Nginx reverseproxy error after Cloudron upgrade to v8.3.1; Cloudron apps running but can't be stopped/restarted

THI_Staff

Hi All

Could you help with the following issue please?

Short version
Following a successful Cloudron platform upgrade, all our apps now display the following error:
Error : Nginx Error - Error reloading nginx: reverseproxy exited with code 1 signal null

The apps / services run ok; the only issues are 1) no backups were taken since the Cloudron platform upgrade, likely due to the app error status and 2) the apps can't be stopped / restarted likely due to the same error.

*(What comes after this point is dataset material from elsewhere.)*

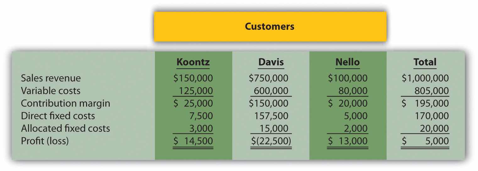 Management is concerned about the significant losses associated with the Davis account and would like to drop this customer. Allocated fixed costs are assigned to customers based on sales revenue. If Davis is dropped, total allocated fixed costs are assigned to the remaining customers, and all variable and direct fixed costs for the Davis account will be eliminated.

The underlying cause must be related to certificates, I would guess, so upon checking the renew certificates log I found these telling lines:

Apr 08 02:15:47 box:shell nginx: [emerg] cannot load certificate "/home/yellowtent/platformdata/nginx/cert/_.<our_website>.<our_cloudron_domain>.cert": BIO_new_file() failed (SSL: error:02001002:system library:fopen:No such file or directory:fopen('/home/yellowtent/platformdata/nginx/cert/_.<our_website>.<our_cloudron_domain>.cert','r') error:2006D080:BIO routines:BIO_new_file:no such file)
Apr 08 02:15:47 box:shell reverseproxy: /usr/bin/sudo -S /home/yellowtent/box/src/scripts/restartservice.sh nginx errored BoxError: reverseproxy exited with code 1 signal null
Apr 08 02:15:47 at ChildProcess.<anonymous> (/home/yellowtent/box/src/shell.js:137:19)
Apr 08 02:15:47 at ChildProcess.emit (node:events:519:28)
Apr 08 02:15:47 at ChildProcess._handle.onexit (node:internal/child_process:294:12) {
Apr 08 02:15:47 reason: 'Shell Error',
Apr 08 02:15:47 details: {},
Apr 08 02:15:47 code: 1,
Apr 08 02:15:47 signal: null
Apr 08 02:15:47 }
Apr 08 02:15:47 box:taskworker Task took 347.55 seconds
Apr 08 02:15:47 box:tasks setCompleted - 8714: {"result":null,"error":{"stack":"BoxError: Error reloading nginx: reverseproxy exited with code 1 signal null\n at reload (/home/yellowtent/box/src/reverseproxy.js:188:22)\n at process.processTicksAndRejections (node:internal/process/task_queues:95:5)\n at async checkCerts (/home/yellowtent/box/src/reverseproxy.js:698:9)","name":"BoxError","reason":"Nginx Error","details":{},"message":"Error reloading nginx: reverseproxy exited with code 1 signal null"}}

Interestingly <our_website> is the only domain set up with manual DNS configuration in Cloudron, but this has been the case for years and it worked/works, until the latest Cloudron platform upgrade. But sure, the renew certificates log above is correct, there is no cert file at /home/yellowtent/platformdata/nginx/cert/_.<our_website>.<our_cloudron_domain>.cert but it should not be looking for one locally on our server, should it?

Longer version
The Cloudron platform upgrade from v8.2.4 to v8.3.1 was successful on 29/03/2025. Our last Cloudron app backups are from 29/03/2025 as well.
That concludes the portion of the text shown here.